- The Miami Orange Bowl in Miami, Florida, hosted the Orange Bowl.
- Date: January 1, 1975
- Season: 1974
- Stadium: Orange Bowl
- Location: Miami, Florida
- MVP: Wayne Bullock (Notre Dame FB) Leroy Cook (Alabama DE)
- Favorite: Alabama by 9 to 10 points
- Referee: Robert Fallon (Big Ten) (split crew between Big Ten and SEC)
- Attendance: 71,801

United States TV coverage
- Network: NBC
- Announcers: Jim Simpson and John Brodie
- Nielsen ratings: 28.8

= 1975 Orange Bowl =

American college football game

The 1975 Orange Bowl was the 41st edition of the college football bowl game, played at the Orange Bowl in Miami, Florida, on Wednesday, January 1. Part of the 1974–75 bowl game season, it matched the ninth-ranked independent Notre Dame Fighting Irish and the undefeated #2 Alabama Crimson Tide of the Southeastern Conference (SEC). It was a rematch of the previous season's Sugar Bowl. In a game dominated by both defenses, underdog Notre Dame held on to upset the Tide, 13–11.

==Teams==

===Notre Dame===

Notre Dame went 9–2 in the regular season, with losses to Purdue and USC. Following Notre Dame's victory over Navy, Orange Bowl officials announced an invitation to Notre Dame and Alabama. This was Notre Dame's sixth bowl game appearance and their second Orange Bowl. It was notable as Ara Parseghian's final game as head coach, as he announced his resignation from the position December 15. He was succeeded by Dan Devine, the head coach of the NFL's Green Bay Packers for four seasons, and previously led Missouri (1958–1970) and Arizona State (1955–1957).

===Alabama===

Alabama won all eleven games in the regular season and were conference champions. Following Alabama's victory over Mississippi State, Orange Bowl officials announced Alabama had accepted an invitation to play against Notre Dame in a rematch of the previous year's Sugar Bowl. It was Alabama's 28th bowl game appearance and seventh Orange Bowl.

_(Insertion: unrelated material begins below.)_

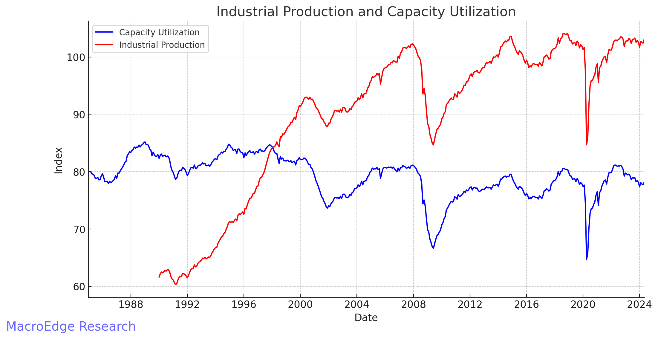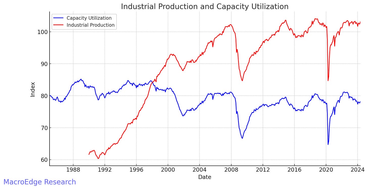 Manufacturing data in 1995 was strengthening rapidly - Industrial Production for this cycle peaked back in 2022, along with Capacity Utilization. The 90s saw large growth in INDPRO (industrial production) while we’ve seen virtually none since 2007 now.

Undefeated Alabama was first in the UPI coaches poll (#2 in AP poll) and favored by nine to ten points.

==Game summary==
Earlier in the evening in California, fifth-ranked USC won the Rose Bowl by a point over #3 Ohio State. Top-ranked Oklahoma was bowl ineligible, and #4 Michigan was also idle, as this was the final season that the Big Ten Conference (and Pac-8) allowed just one bowl team.

The final game of New Year's Day, the Orange Bowl kicked off at night; midway through the first quarter, Alabama's Willie Shelby fumbled a punt that was recovered by Notre Dame's Al Samuel at the Crimson Tide 16-yard line. Five plays later, the Irish scored on a four-yard Wayne Bullock touchdown run to take a 7–0 lead. Their lead was extended to 13–0 midway through the second quarter after Mark McLane scored on a nine-yard touchdown run to cap a 17-play drive that covered 77 yards. A 21-yard field goal by Danny Ridgeway cut the lead to 13–3 at the half.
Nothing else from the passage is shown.